Israeli music has been able to keep up with the styles of American music, shifting from the folk music of Naomi Shemer in the 1960s to MTV-esque music in the 1990s. Only recently has Israel been able to match America’s latest hip-hop trend with musicians such as Subliminal and 50 Shekel.

These musicians, decked out in gold, could pass for any American rapper. Look closer, though, and it’s not difficult to see the giant Stars of David and Chai necklaces dangling from their necks.

Pride for Jewish rap has spread to Jewish teenagers worldwide, but only in America have Jews created a new line of hip, chic and Jewish clothing.

A year and a half ago, Jason Saft, 26, of New York, catalyzed a new line of clothing, which combined Jewish humor with modern trends. He created a clothing line that individuals of all religions ate up: Jewcy.

“People were coming up to me on the street, Jews and non-Jews, saying ‘I have to have that shirt,’” Saft told the Los Angeles Times.

Saft’s idea became so popular that Urban Outfitters, a chic clothing store, used the theme of Jewish pride by producing T-shirts boldly shouting, “Everybody Loves a Nice Jewish Boy.”

Chosencouture.com, a newly organized company designed to showcase Jewish pride and tradition, has created a line of clothing with phrases such as “Challah Back” and “Yo Semite” plastered across T-shirts in order to add humor to Jewish tradition.

“I think those shirts are a great way to get kids to like and appreciate their heritage,” said Crissy Cutrone, a junior government and politics major. “Sometimes I think those shirts go a little overboard, crossing the line of sacrilege.”
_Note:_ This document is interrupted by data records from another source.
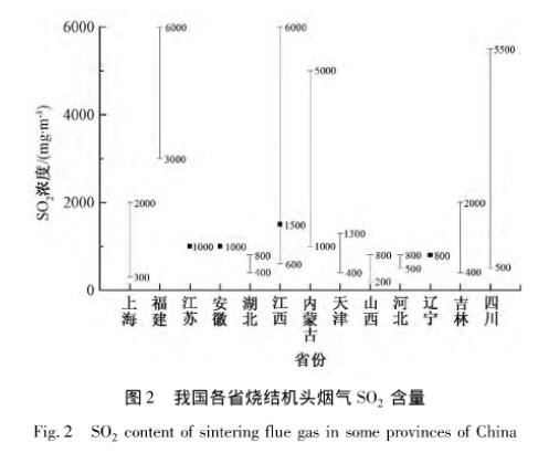 燒結(jié)機(jī)頭煙氣中SO2因燒結(jié)原料的配比、鋪料方式、燒結(jié)工況等因素影響,波動(dòng)很大,不同地區(qū)原料不同,差異明顯。我國(guó)各地區(qū)燒結(jié)機(jī)頭煙氣中SO2含量見(jiàn)圖2。
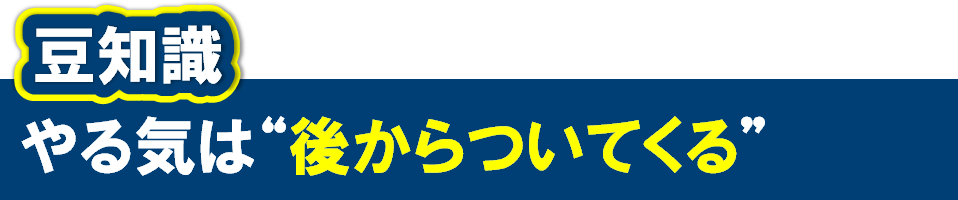 ついつい「やる気待ち」で行動を先延ばしにしがちですが、心理学的には行動がやる気を生み出します。
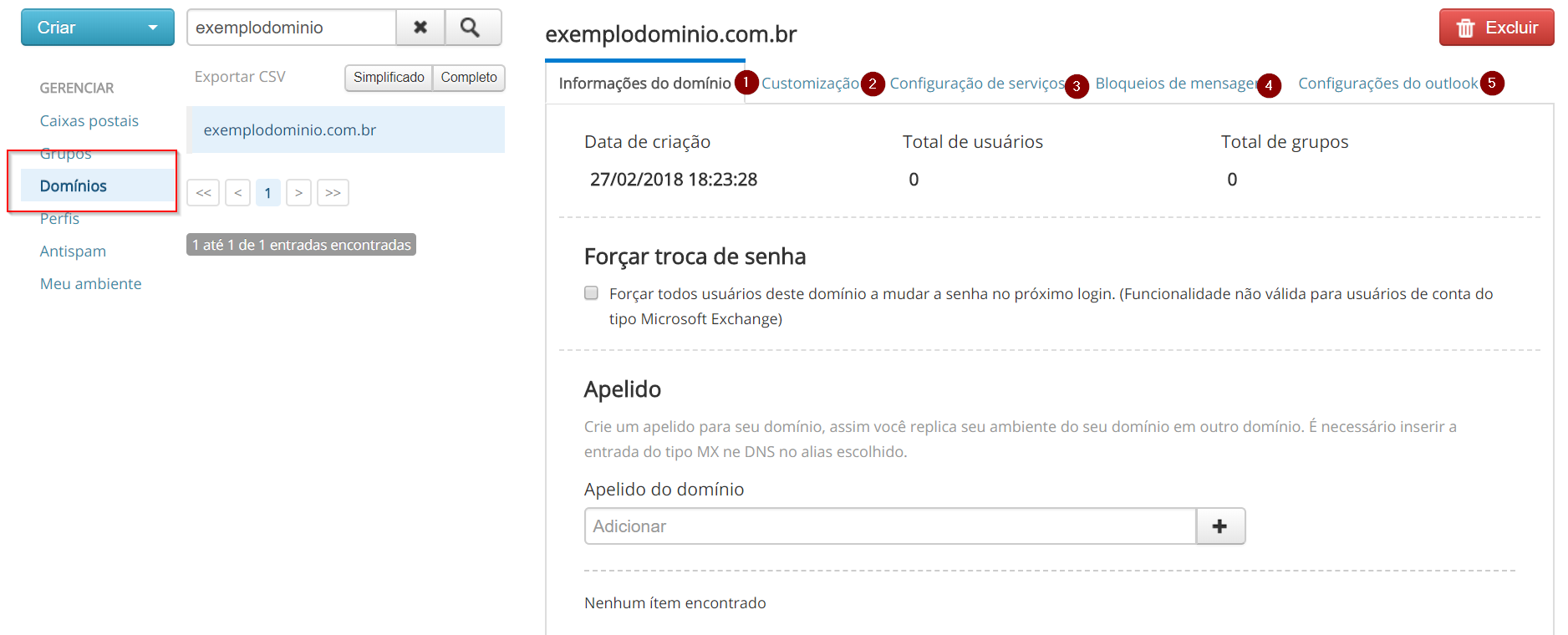 No painel de controle, na aba “Domínio” o usuário encontra as seguintes configurações:

But this new trend doesn’t stop at music and clothing; the media has grabbed hold of the idea, extending its humor far beyond the borders of what is appropriate.

The Jewish magazine, Heeb: The New Jew Review, started two years ago with the task of proclaiming Jewish pride, and Comedy Central recently aired “The Hebrew Hammer,” a spoof on Jewish rituals and culture.

Though Heeb has proven successful among Jewish teens, it is drawing criticism from the Anti-Defamation League. Kenneth Jacobson, the ADL's associate national director, said the magazine's goal of “reaching out to young, disaffected Jews is a very nice idea,” but its name is “not very constructive,” according to the Jerusalem Post.

The editor of Heeb has said the name is a way of reclaiming an ethnic slur, in the same way that some gay people now use the term ‘queer’ to describe themselves.

“I really do believe there is something profound and exciting going on right now with young Jews who are trying to connect with Judaism in thoroughly untraditional and in thoroughly new ways,” Joshua Neuman, Heeb’s publisher and editor, told the Los Angeles Times.









Rabbi’s Daughters sells tees and tanks with kitschy Yiddish words on them.